- Sire: T.V. Lark
- Grandsire: Indian Hemp
- Dam: Quillon
- Damsire: Princequillo
- Sex: Stallion
- Foaled: February 26, 1969
- Country: United States
- Colour: Bay
- Breeder: Bwamazon Farm (Millard Waldheim)
- Owner: Bwamazon Farm
- Trainer: Charles E. Whittingham
- Record: 23: 8-6-2
- Earnings: US$514,400

Major wins
- Will Rogers Stakes (1972) California Derby (1972) Hollywood Gold Cup (1972) San Bernardino Handicap (1973) Californian Stakes (1973, 1974)

= Quack (horse) =

American-bred Thoroughbred racehorse

Quack (February 26, 1969 – January 17, 1995) was an American Thoroughbred racehorse who holds the world record for a three-year-old with the fastest mile and a quarter ever run on dirt.

==Background==
He was sired by T.V. Lark, the 1961 American Champion Male Turf Horse, and out of the mare Quillon, a daughter of the outstanding Champion broodmare sire Princequillo. Quack was a very large horse whose style was to lag behind early and finish with a devastating closing kick. Though Quack had success early in his career with Hall of Fame jockey Bill Shoemaker, he found even more success with Hall of Fame jockey Don Pierce, whose first ride on him was the 1972 Hollywood Gold Cup.

Quack was a bay with a spot of white on his forehead bred and raced by Millard Waldheim's Bwamazon Farm. He was trained by future U.S. Racing Hall of Fame inductee Charlie Whittingham.

==Racing career==
Not eligible for the 1972 Kentucky Derby, Quack scored the most important win of his career that year in the Hollywood Gold Cup in which he defeated older horses while equaling the United States and world records for a mile and a quarter on dirt. Going into 2010, his record still stands for three-year-olds. Among his other wins, Quack captured back-to-back editions of the Californian Stakes in 1973 and 1974.

==Stud record==
Retired to stud duty, Quack sired several good runners including:
- Plankton (b. 1976) - wins include the Grade 1 Ladies Handicap, G2 Demoiselle Stakes, Molly Pitcher Handicap;
- Header Card (b. 1979) - won the Grade I Oak Leaf Stakes;
- Duckpower (b. 1984) - multiple stakes wins in Canada including the Toronto Cup Handicap, Col.

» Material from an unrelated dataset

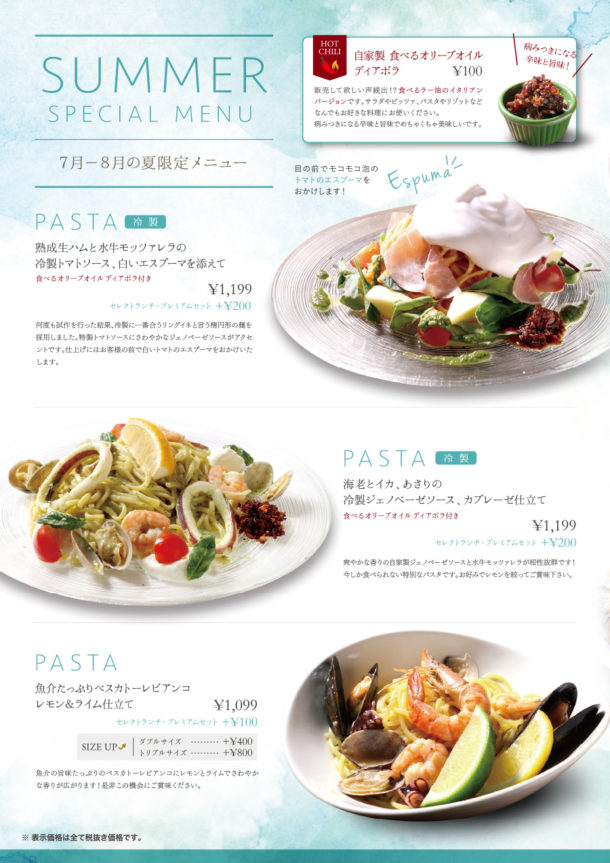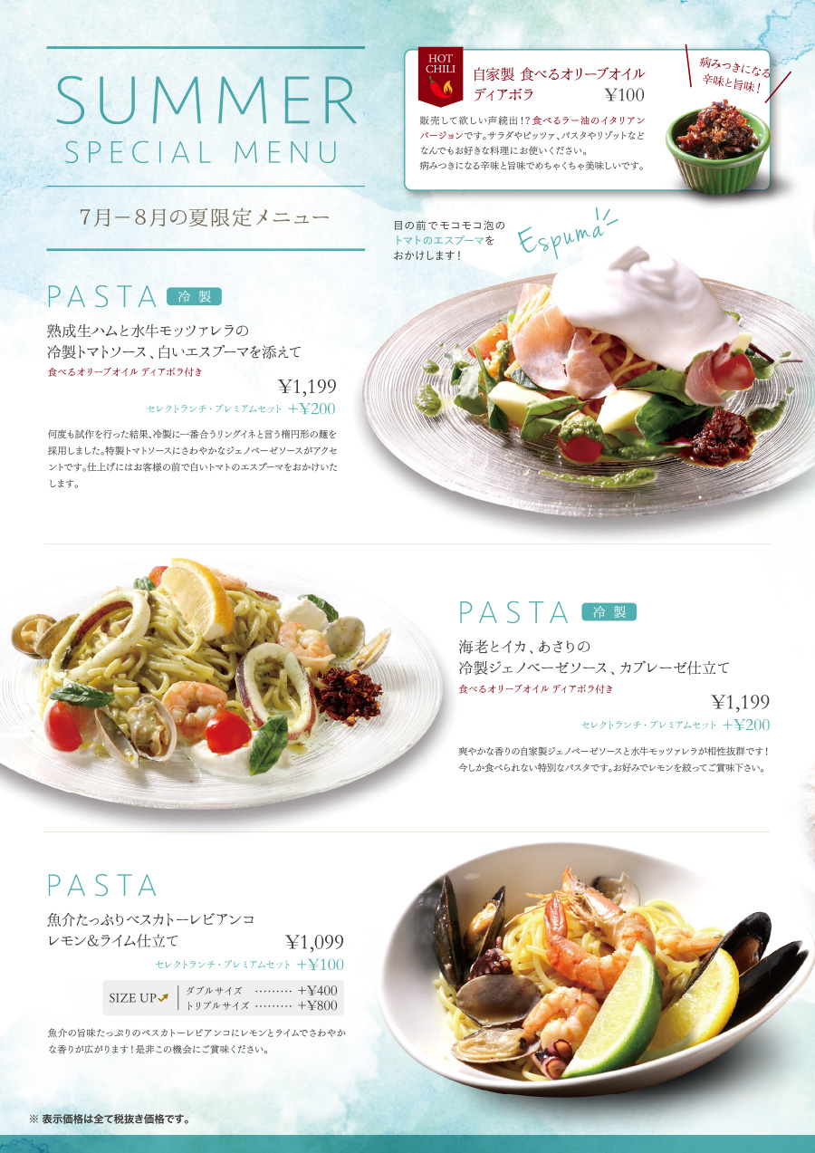 2020年7月1日より夏のおすすめメニュー販売開始です!

R.S. McLaughlin Handicap, Marine Stakes;
- Quick Call (b. 1984) - multiple stakes winner including back-to-back editions of the Forego Handicap;
- Beyond Perfection (b. 1988) - won the Del Mar Debutante Stakes.

Pensioned in 1994, in January of the following year Quack was humanely euthanized due to complications of old age.